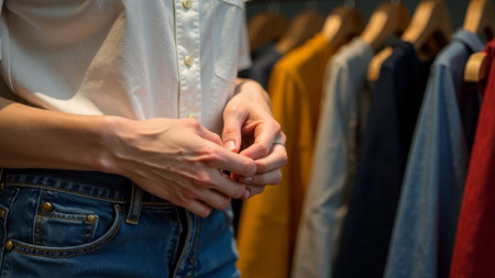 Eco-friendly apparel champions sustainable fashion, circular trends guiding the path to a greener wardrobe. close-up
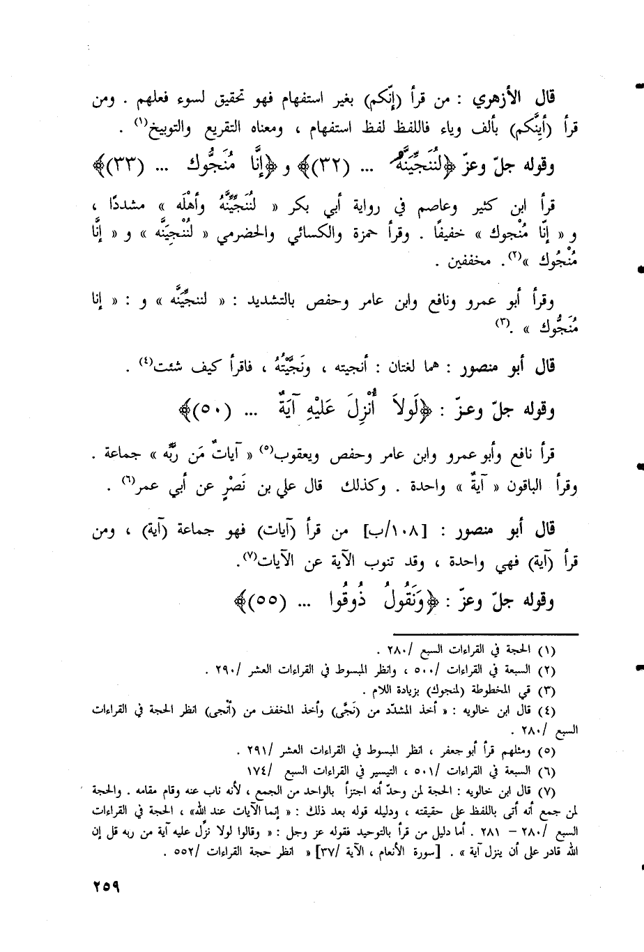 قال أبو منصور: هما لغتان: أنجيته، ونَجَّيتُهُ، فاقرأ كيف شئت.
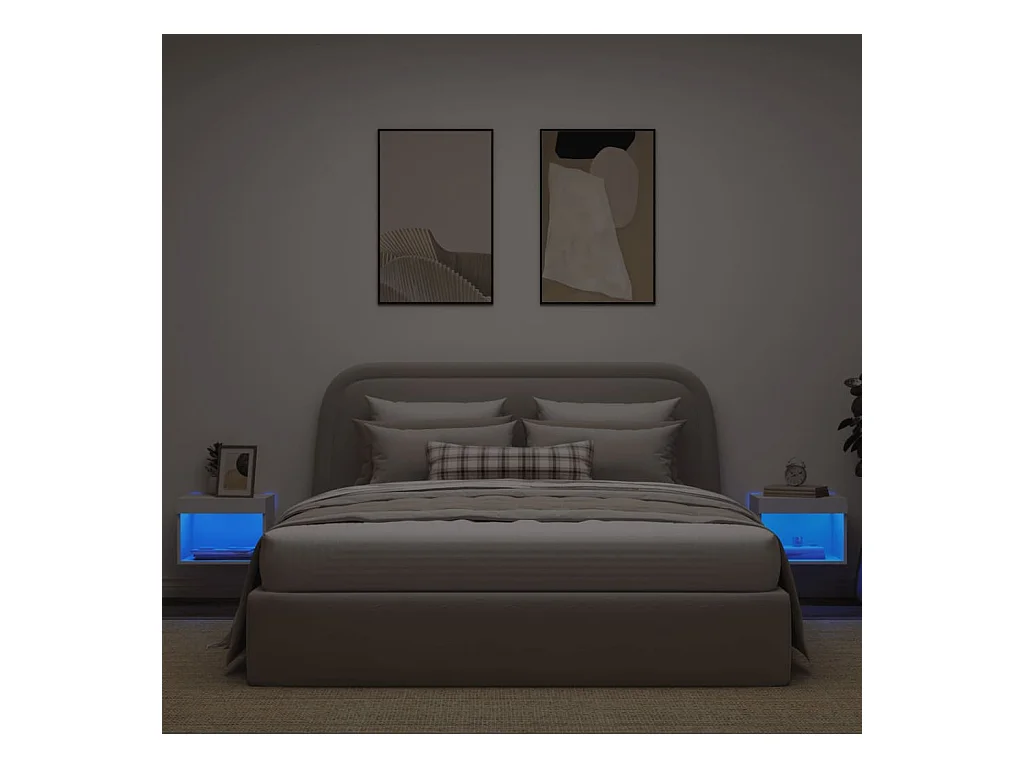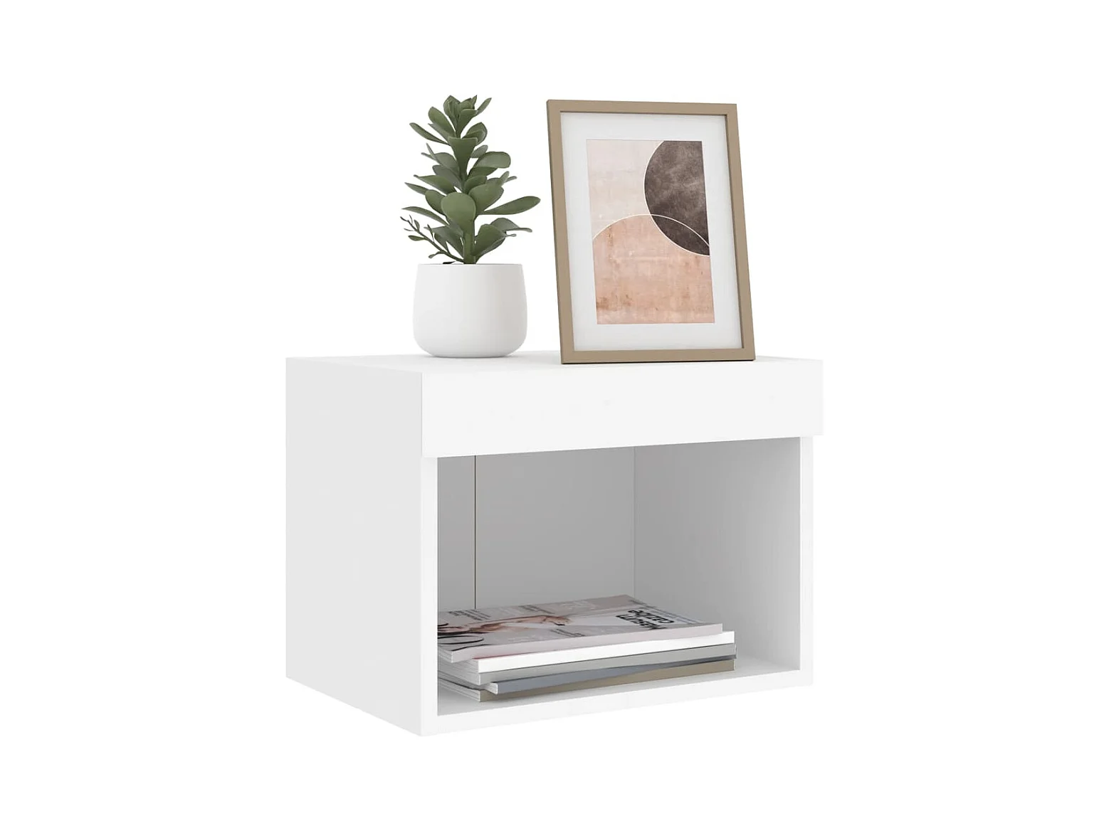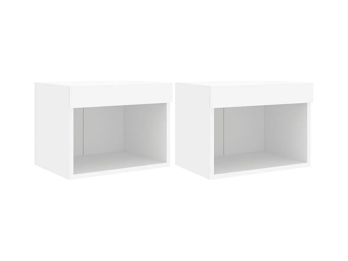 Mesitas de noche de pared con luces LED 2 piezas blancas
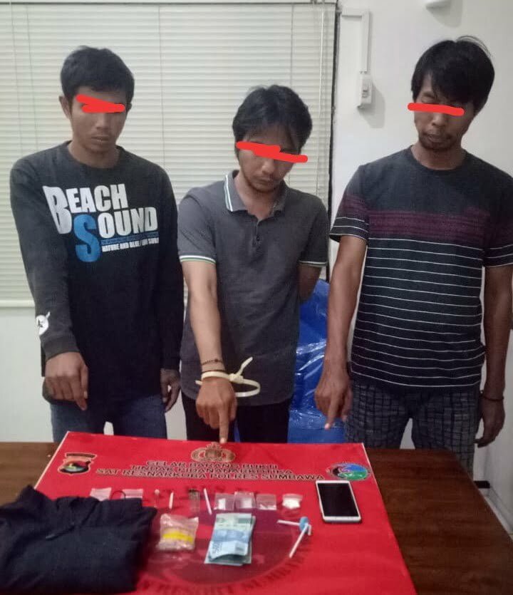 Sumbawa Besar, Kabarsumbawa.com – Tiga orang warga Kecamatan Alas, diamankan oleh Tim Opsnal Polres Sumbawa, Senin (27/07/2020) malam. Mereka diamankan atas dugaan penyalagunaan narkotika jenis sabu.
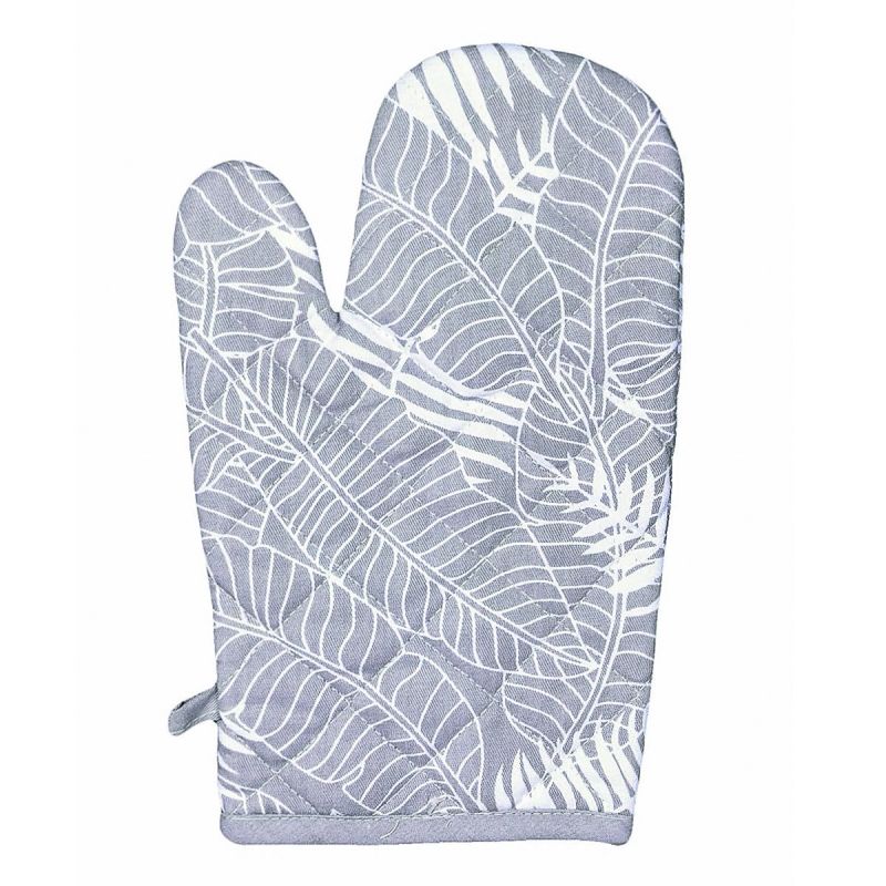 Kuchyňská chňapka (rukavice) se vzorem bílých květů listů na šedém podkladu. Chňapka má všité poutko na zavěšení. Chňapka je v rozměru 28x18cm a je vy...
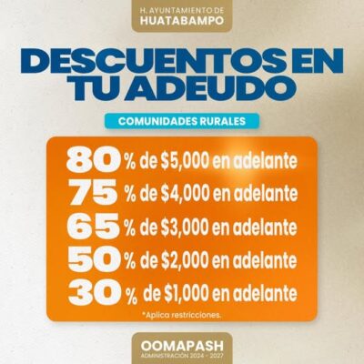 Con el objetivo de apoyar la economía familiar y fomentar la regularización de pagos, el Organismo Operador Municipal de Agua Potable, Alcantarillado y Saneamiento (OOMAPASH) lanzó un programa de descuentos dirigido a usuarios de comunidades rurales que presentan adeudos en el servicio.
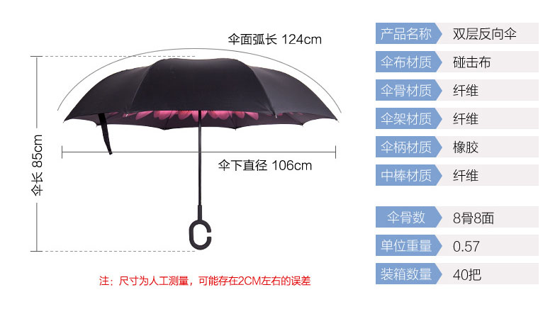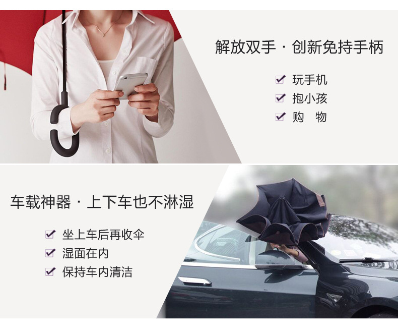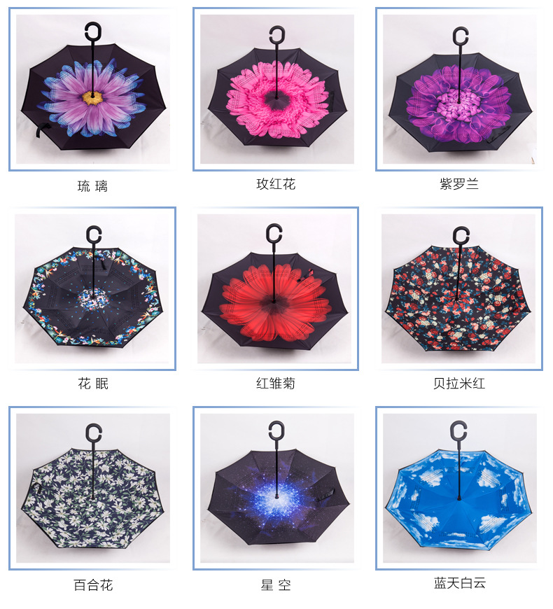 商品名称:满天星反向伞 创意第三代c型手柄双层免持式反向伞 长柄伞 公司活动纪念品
========================================
TRY IT
Look above for the line with "Sumbawa Besar, Kabarsumbawa.com", then print it and each line after it down to and including the line with "Con el objetivo". Leave out the pictures and keep the wording exact.

REPLY TO THE EXERCISE
 Sumbawa Besar, Kabarsumbawa.com – Tiga orang warga Kecamatan Alas, diamankan oleh Tim Opsnal Polres Sumbawa, Senin (27/07/2020) malam. Mereka diamankan atas dugaan penyalagunaan narkotika jenis sabu.
 Kuchyňská chňapka (rukavice) se vzorem bílých květů listů na šedém podkladu. Chňapka má všité poutko na zavěšení. Chňapka je v rozměru 28x18cm a je vy...
 Con el objetivo de apoyar la economía familiar y fomentar la regularización de pagos, el Organismo Operador Municipal de Agua Potable, Alcantarillado y Saneamiento (OOMAPASH) lanzó un programa de descuentos dirigido a usuarios de comunidades rurales que presentan adeudos en el servicio.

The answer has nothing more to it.